▸ **Exercise brief**: Keep images out and repeat all data exactly.

Content starts

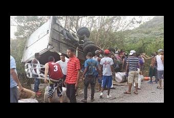 La Cienaga. RD; Una multitud saqueo un camión de envío de la compañía Embarque, tras un vuelco en la curva bajando el puente Coronel, en el Municipio de la Ciénega.
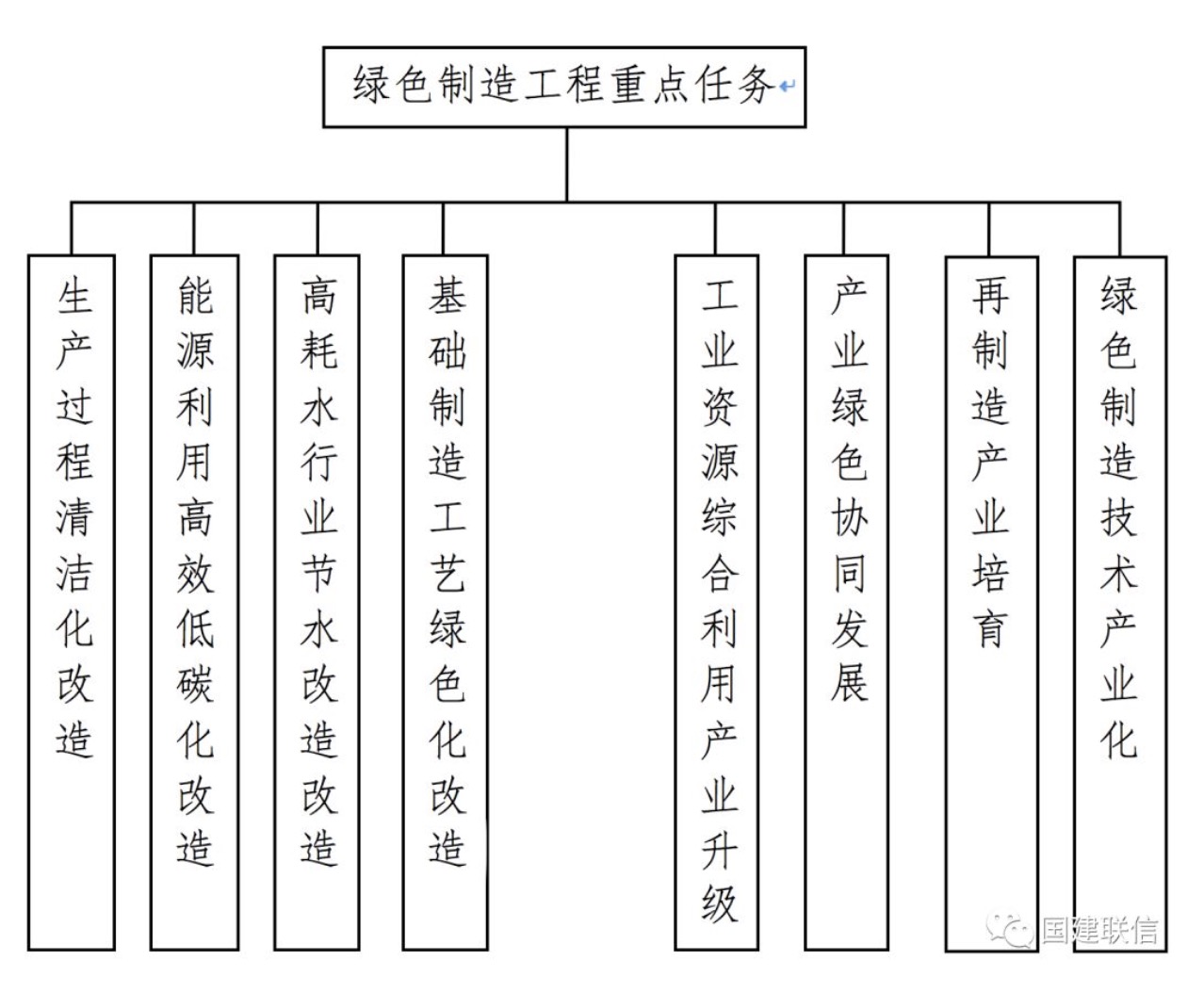 其中綠色制造工程的重點任務分為傳統(tǒng)制造業(yè)綠色化改造示范推廣、資源循環(huán)利用綠色發(fā)展示范應用、綠色制造創(chuàng)新及產(chǎn)業(yè)化示范應用、綠色制造體系構(gòu)建試點四個方面。下圖具體列出了幾項重點任務的主要內(nèi)容,對于建材行業(yè)這類傳統(tǒng)制造業(yè)而言,生產(chǎn)過程清潔化、能源利用高效低碳化、水資源利用高效化等改造是企業(yè)應關(guān)注的重點。
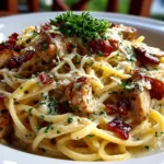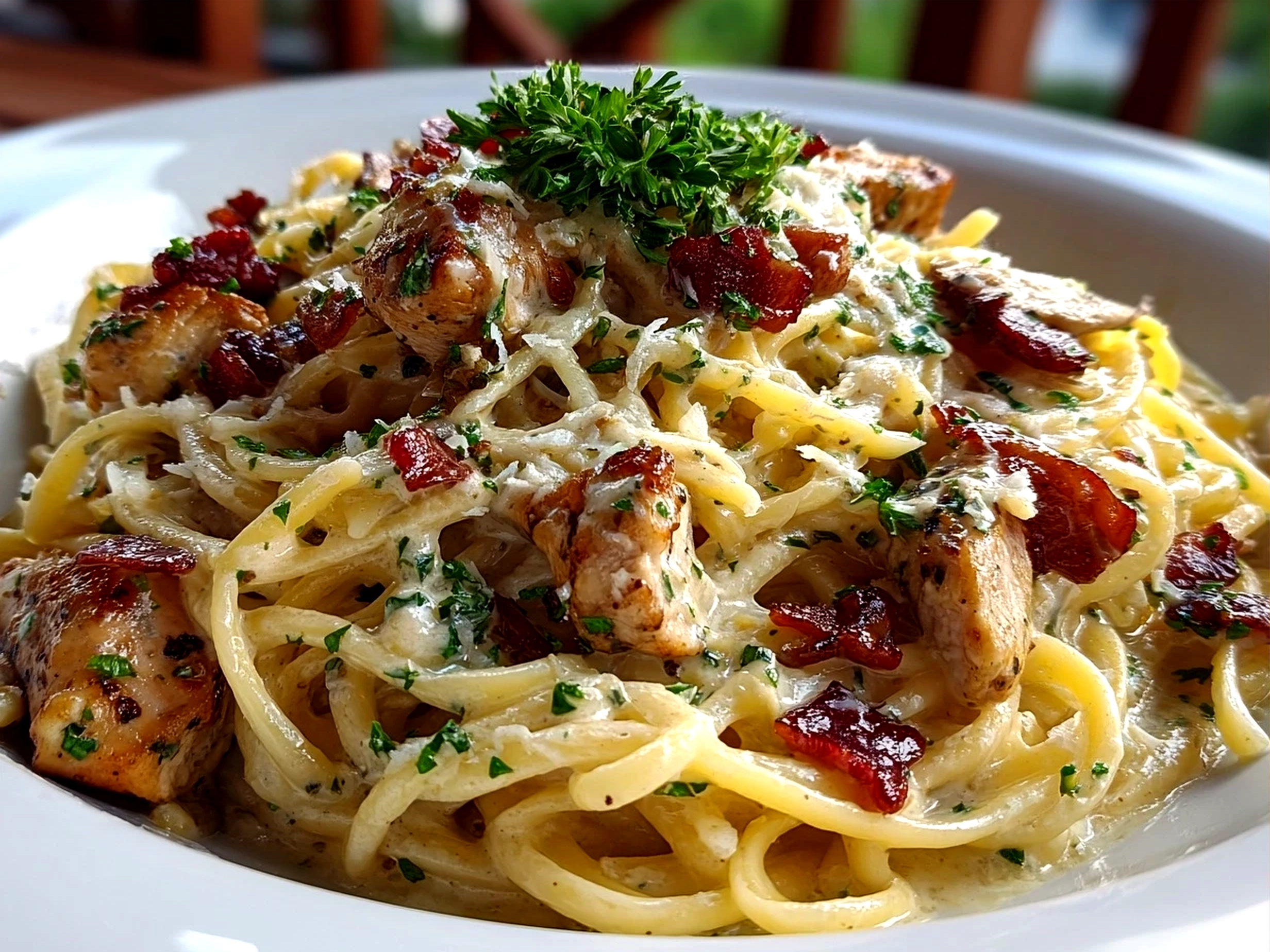 Chicken Carbonara is a creamy Italian-inspired pasta dish combining tender chicken, crispy pancetta, and a rich egg-based sauce for a comforting and flavorful meal.
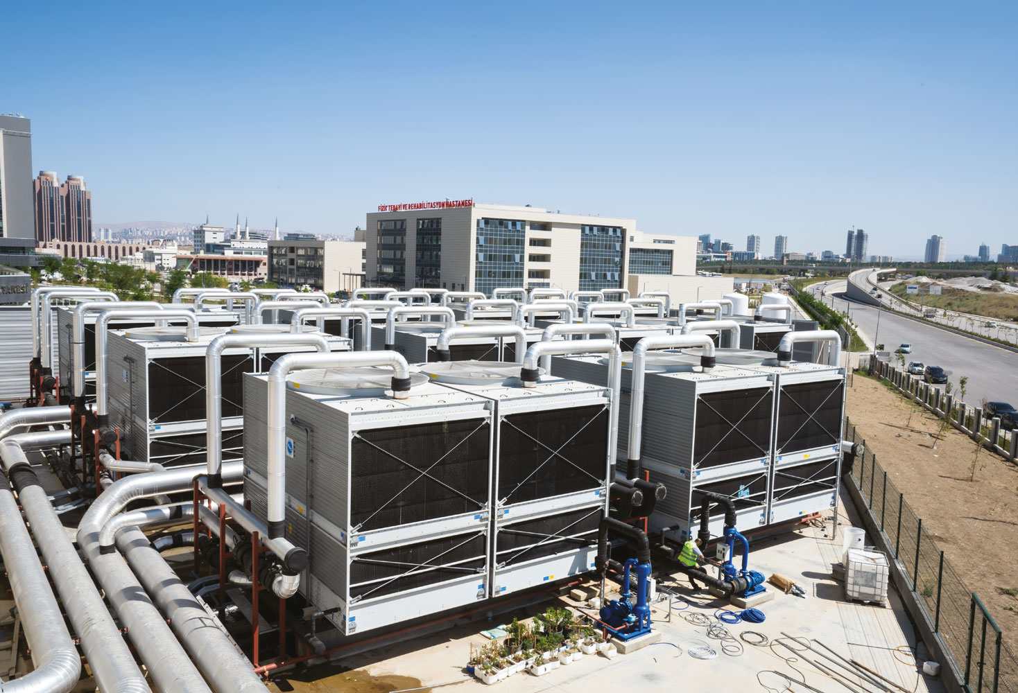 • Within the framework of 114,50 MW cooling and 97,6 MW heating capacity; 15 Chiller, 31 Cooling Tower, 12 Hot Water Boiler, 4 Sterile Steam Boiler, 2 Raw Steam Boiler, 754 Air Handling Units, 212 Precision Controlled Air Conditioners, 13.750 Fan Coils, 370 Humidification Units, 182 Operating Rooms Laminar Flow Units.
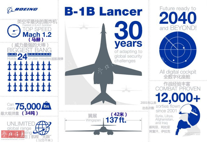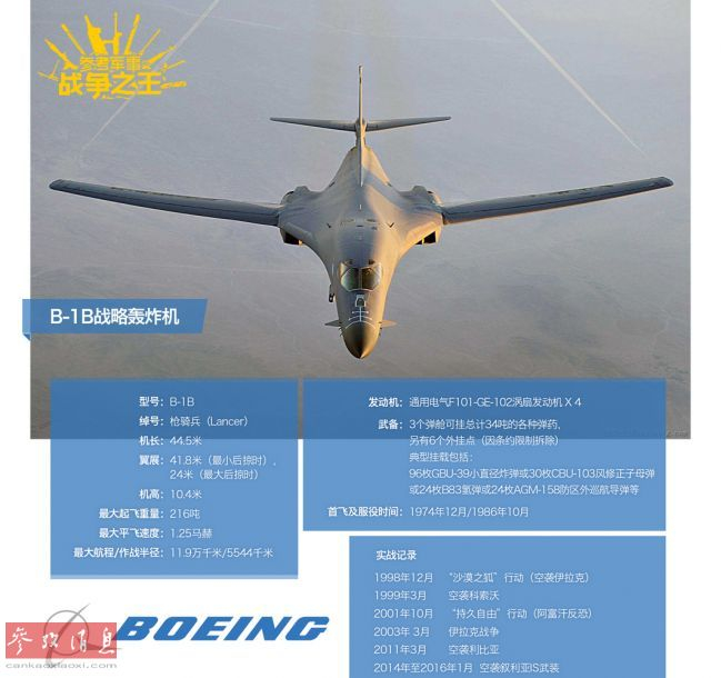 图为美国波音公司(罗克韦尔航空部于1996年被波音公司收购))制作的B-1B数图,其中从2001年至2015年1月以来,B-1B机群的总出击架次数超过了1.2万架次。据美军统计,在2014年8月至2015年1月,针对”伊斯兰国“极端组织的空袭行动中,B-1B的投弹量占到了美军战机投弹总量的80%。

Content ends

▸ **Solution to the exercise**:
 La Cienaga. RD; Una multitud saqueo un camión de envío de la compañía Embarque, tras un vuelco en la curva bajando el puente Coronel, en el Municipio de la Ciénega.
 其中綠色制造工程的重點任務分為傳統(tǒng)制造業(yè)綠色化改造示范推廣、資源循環(huán)利用綠色發(fā)展示范應用、綠色制造創(chuàng)新及產(chǎn)業(yè)化示范應用、綠色制造體系構(gòu)建試點四個方面。下圖具體列出了幾項重點任務的主要內(nèi)容,對于建材行業(yè)這類傳統(tǒng)制造業(yè)而言,生產(chǎn)過程清潔化、能源利用高效低碳化、水資源利用高效化等改造是企業(yè)應關(guān)注的重點。
 Chicken Carbonara is a creamy Italian-inspired pasta dish combining tender chicken, crispy pancetta, and a rich egg-based sauce for a comforting and flavorful meal.
 • Within the framework of 114,50 MW cooling and 97,6 MW heating capacity; 15 Chiller, 31 Cooling Tower, 12 Hot Water Boiler, 4 Sterile Steam Boiler, 2 Raw Steam Boiler, 754 Air Handling Units, 212 Precision Controlled Air Conditioners, 13.750 Fan Coils, 370 Humidification Units, 182 Operating Rooms Laminar Flow Units.
 图为美国波音公司(罗克韦尔航空部于1996年被波音公司收购))制作的B-1B数图,其中从2001年至2015年1月以来,B-1B机群的总出击架次数超过了1.2万架次。据美军统计,在2014年8月至2015年1月,针对”伊斯兰国“极端组织的空袭行动中,B-1B的投弹量占到了美军战机投弹总量的80%。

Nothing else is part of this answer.